Copying rule for the data below: take the line containing "Medical students marching" and every line after it to the end, exactly, and drop all pictures.

◆ The data ◆
· · · · ·

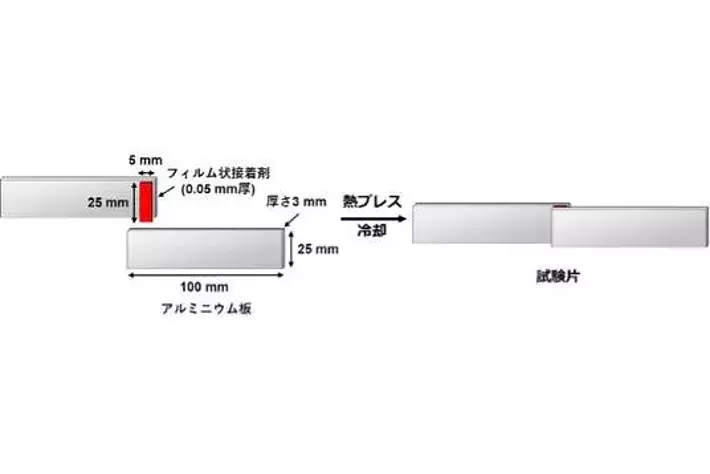 次にこのフィルムを5×25 mmの大きさに切り出し、レーザー処理をしたアルミニウム合金(A6061)製の板(100×25×3 mm)の端に置き、さらにもう一枚の同様の処理をしたアルミニウム板をフィルムに重ね合わせるように置いたのちに、熱プレス、つづいて冷却することで2枚のアルミニウム板が接着された試験片を作成しました(図3)。
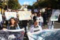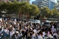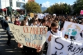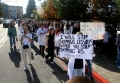 Medical students marching towards the Ministry of Education in protest. They have gathered near the Faculty of Medicine to then march along Dibra Street and stop in front of the Ministry of Education where they have opposed the law that forces them to work for 3-5 years in their country after completing their studies or pay full school fee. The students have refused the fee of 240,000 lek if they do not refuse the work contract for 2-5 years in Albania.
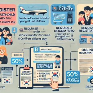 인천국제공항에서 다자녀 할인 등록 절차를 자세히 설명하겠습니다: 1. 대상 확인 대상: 두 자녀 이상 가정, 막내가 15세 미만. 국적: 한국 국적자. 2. 필요 서류 차량 등록증: 부모 또는 직계 존속자 명의. 주민등록등본: 가구…
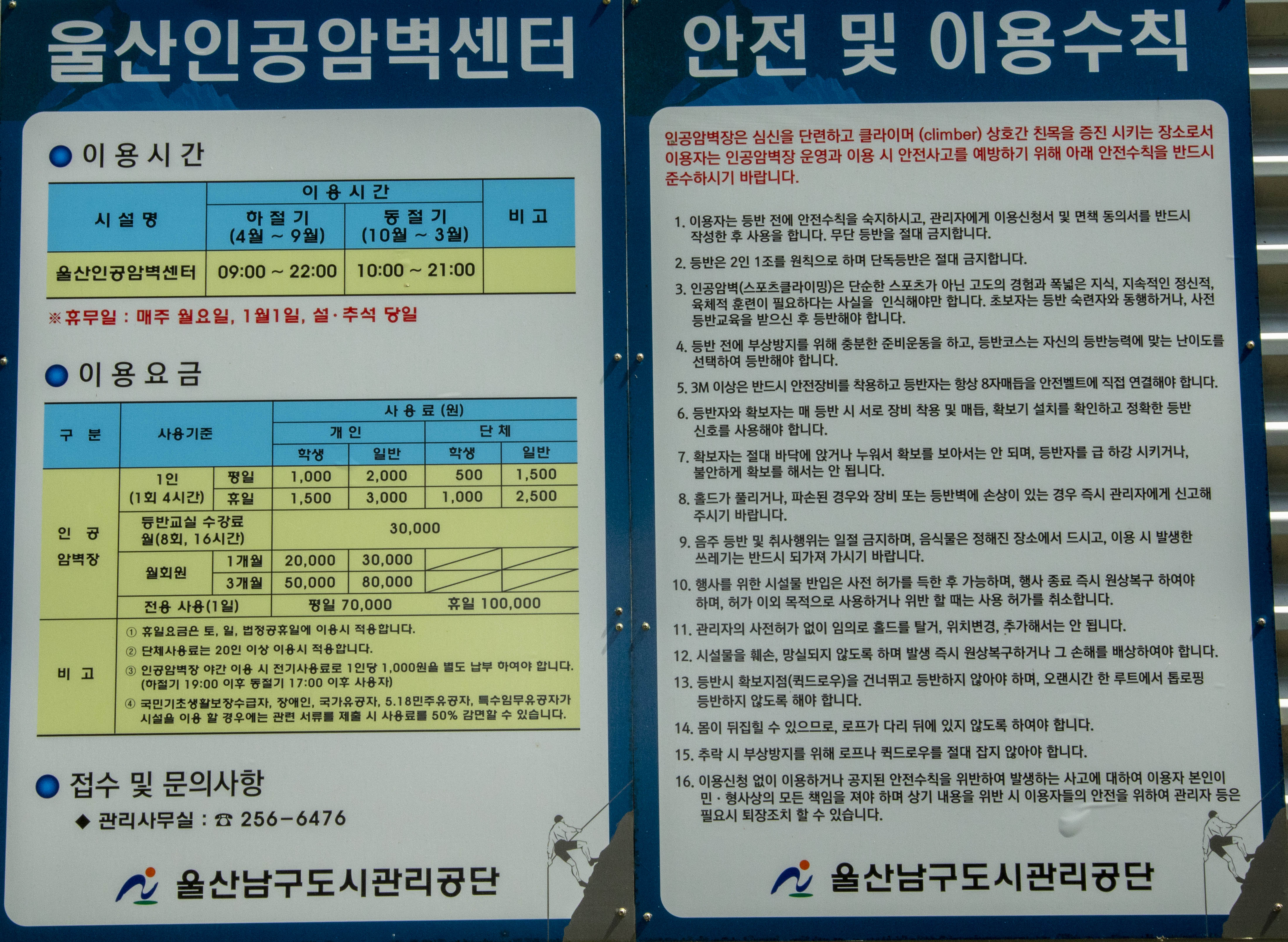회원모집은 매월 말일에 신청을 받는다고 하니 관심이 있으신분들은 052-256-6476(울산인공암벽 관리실)로 문의 해보시기 바랍니다.

· · · · ·

◆ Exercise answer ◆
 Medical students marching towards the Ministry of Education in protest. They have gathered near the Faculty of Medicine to then march along Dibra Street and stop in front of the Ministry of Education where they have opposed the law that forces them to work for 3-5 years in their country after completing their studies or pay full school fee. The students have refused the fee of 240,000 lek if they do not refuse the work contract for 2-5 years in Albania.
 인천국제공항에서 다자녀 할인 등록 절차를 자세히 설명하겠습니다: 1. 대상 확인 대상: 두 자녀 이상 가정, 막내가 15세 미만. 국적: 한국 국적자. 2. 필요 서류 차량 등록증: 부모 또는 직계 존속자 명의. 주민등록등본: 가구…
회원모집은 매월 말일에 신청을 받는다고 하니 관심이 있으신분들은 052-256-6476(울산인공암벽 관리실)로 문의 해보시기 바랍니다.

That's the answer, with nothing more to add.